Data records
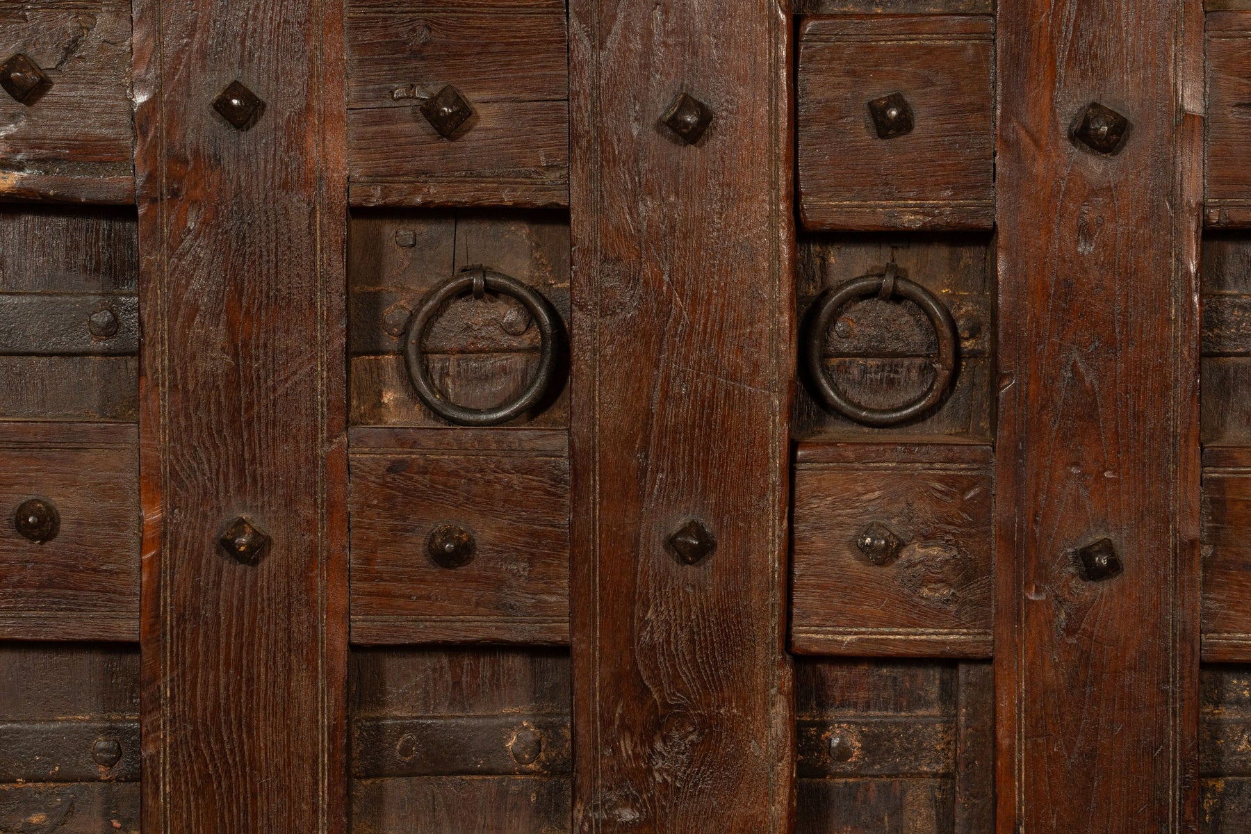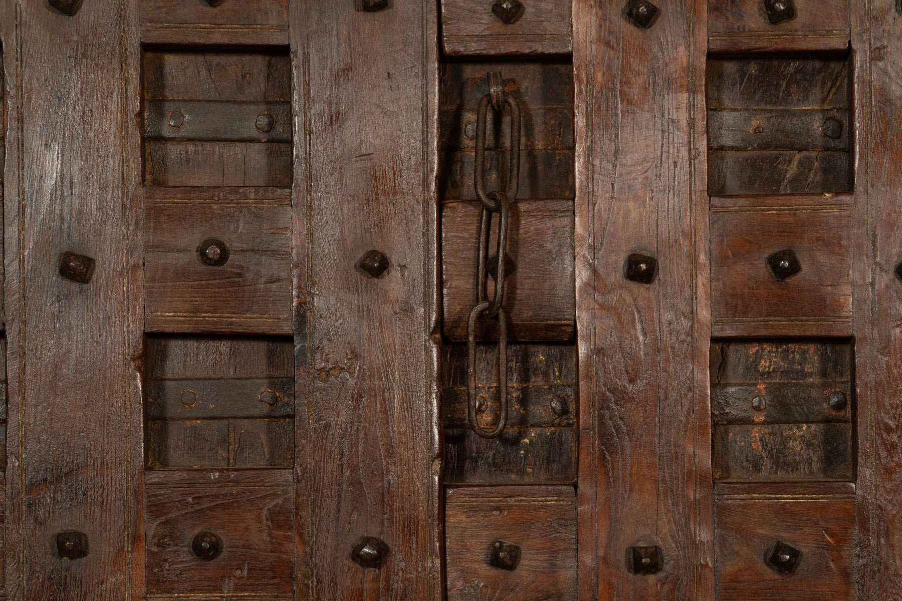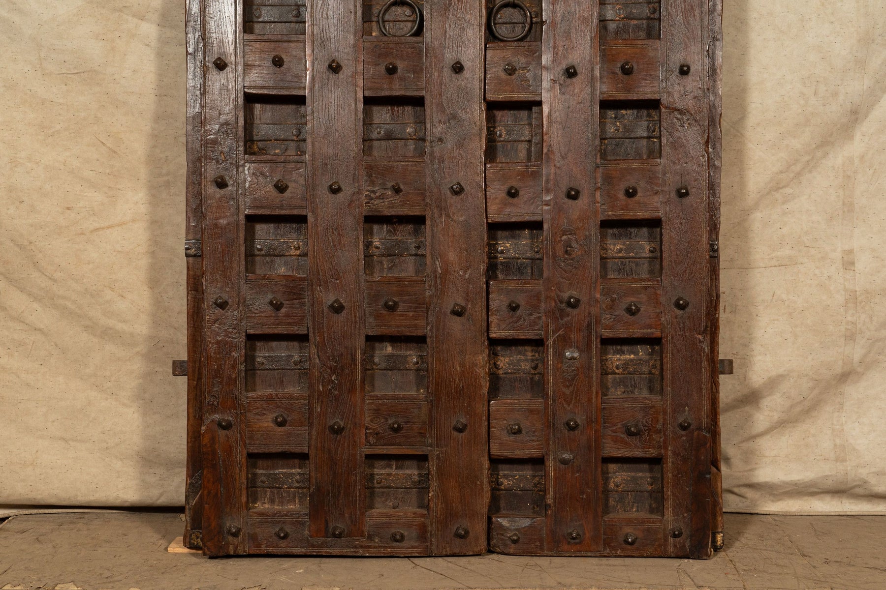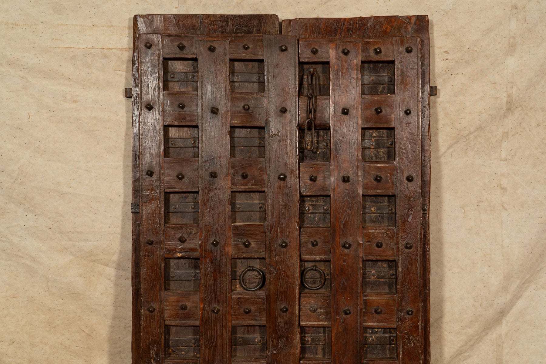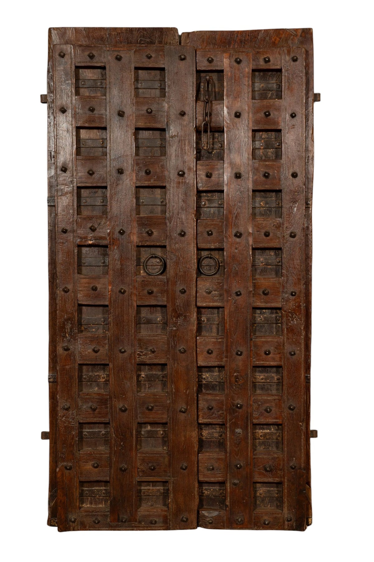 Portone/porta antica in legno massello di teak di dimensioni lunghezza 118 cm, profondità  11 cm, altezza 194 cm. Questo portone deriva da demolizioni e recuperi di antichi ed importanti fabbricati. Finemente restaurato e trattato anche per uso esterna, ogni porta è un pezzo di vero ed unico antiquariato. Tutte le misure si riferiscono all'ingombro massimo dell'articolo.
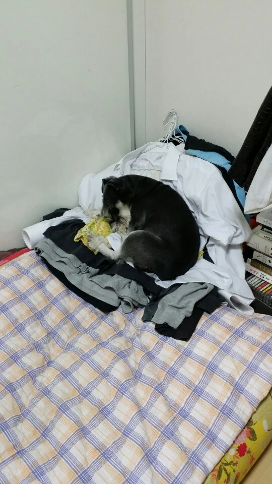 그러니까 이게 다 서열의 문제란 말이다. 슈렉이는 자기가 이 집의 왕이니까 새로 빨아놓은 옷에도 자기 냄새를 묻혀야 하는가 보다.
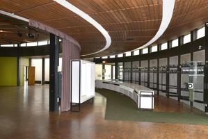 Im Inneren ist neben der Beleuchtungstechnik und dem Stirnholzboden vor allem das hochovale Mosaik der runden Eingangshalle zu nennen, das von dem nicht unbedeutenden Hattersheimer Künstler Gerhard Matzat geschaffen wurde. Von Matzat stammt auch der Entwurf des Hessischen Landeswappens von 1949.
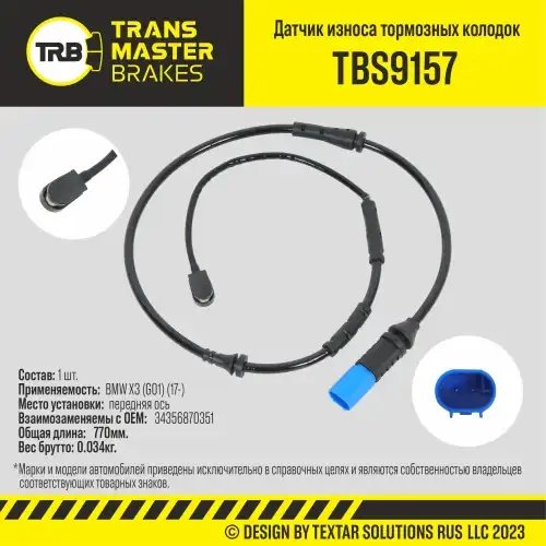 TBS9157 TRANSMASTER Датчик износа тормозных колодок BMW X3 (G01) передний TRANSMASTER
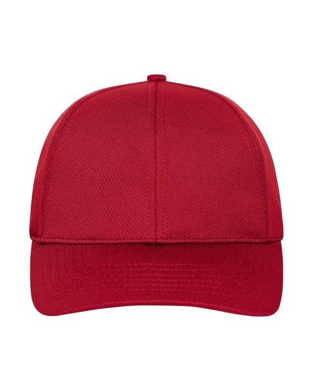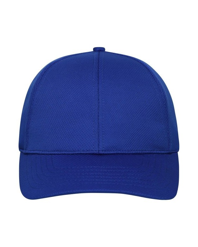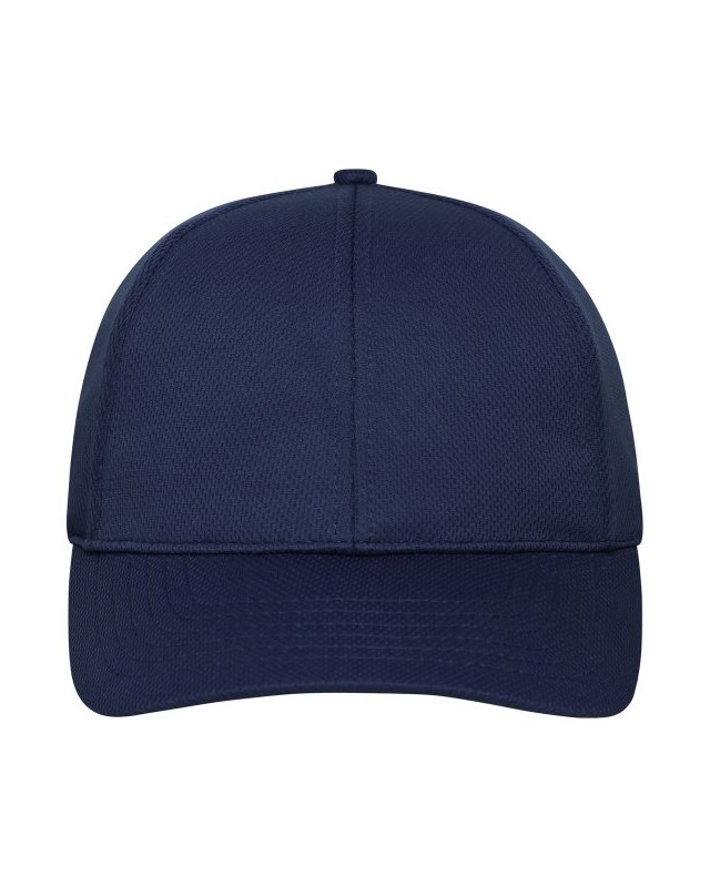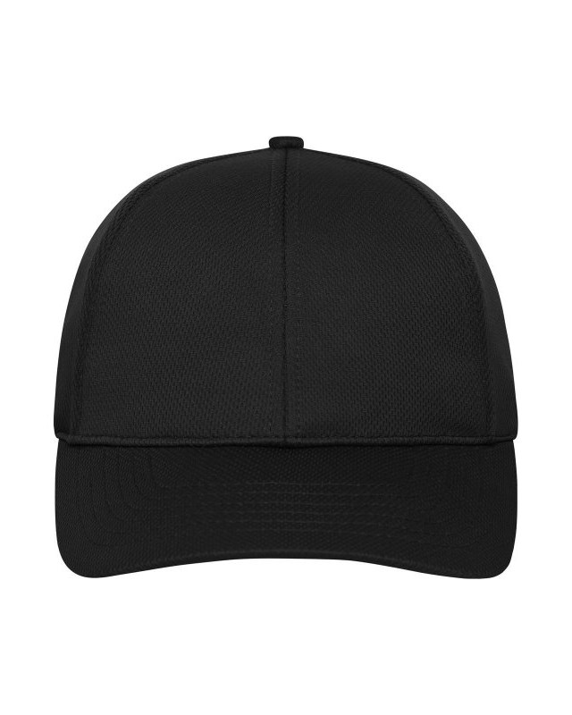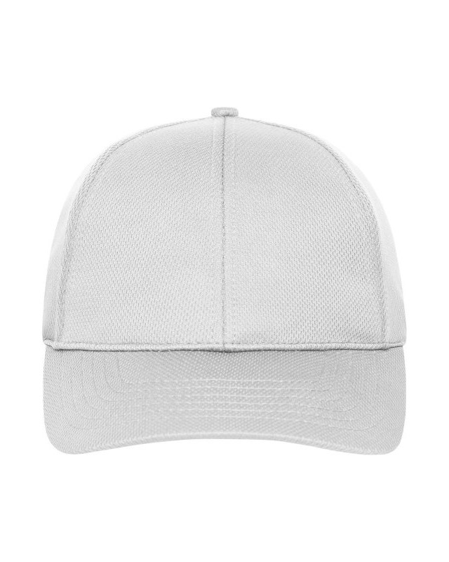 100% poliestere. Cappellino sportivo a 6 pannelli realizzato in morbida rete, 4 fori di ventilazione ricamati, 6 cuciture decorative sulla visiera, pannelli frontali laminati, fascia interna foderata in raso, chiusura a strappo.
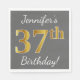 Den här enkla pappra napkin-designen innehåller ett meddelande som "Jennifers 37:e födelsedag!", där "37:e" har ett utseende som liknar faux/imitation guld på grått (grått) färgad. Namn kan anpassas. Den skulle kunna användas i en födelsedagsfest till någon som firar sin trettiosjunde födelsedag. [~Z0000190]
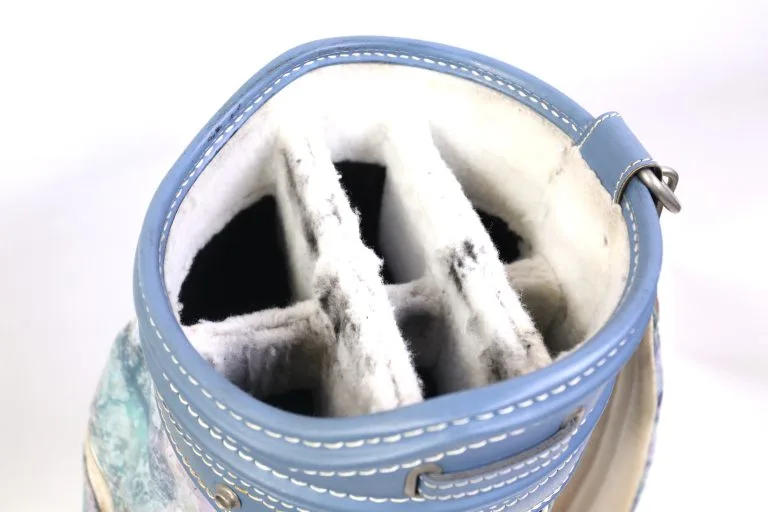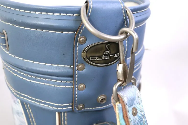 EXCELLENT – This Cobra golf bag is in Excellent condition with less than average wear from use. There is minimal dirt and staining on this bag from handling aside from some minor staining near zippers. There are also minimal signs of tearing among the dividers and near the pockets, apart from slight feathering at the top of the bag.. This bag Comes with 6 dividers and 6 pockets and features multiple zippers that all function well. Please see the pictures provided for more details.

■ ACTION ITEM: All lines above from the one containing "Im Inneren ist" up to and including the one containing "TBS9157 TRANSMASTER Датчик" are to be set down exactly, and nothing else. Leave images out.

■ ANSWER SECTION:
 Im Inneren ist neben der Beleuchtungstechnik und dem Stirnholzboden vor allem das hochovale Mosaik der runden Eingangshalle zu nennen, das von dem nicht unbedeutenden Hattersheimer Künstler Gerhard Matzat geschaffen wurde. Von Matzat stammt auch der Entwurf des Hessischen Landeswappens von 1949.
 TBS9157 TRANSMASTER Датчик износа тормозных колодок BMW X3 (G01) передний TRANSMASTER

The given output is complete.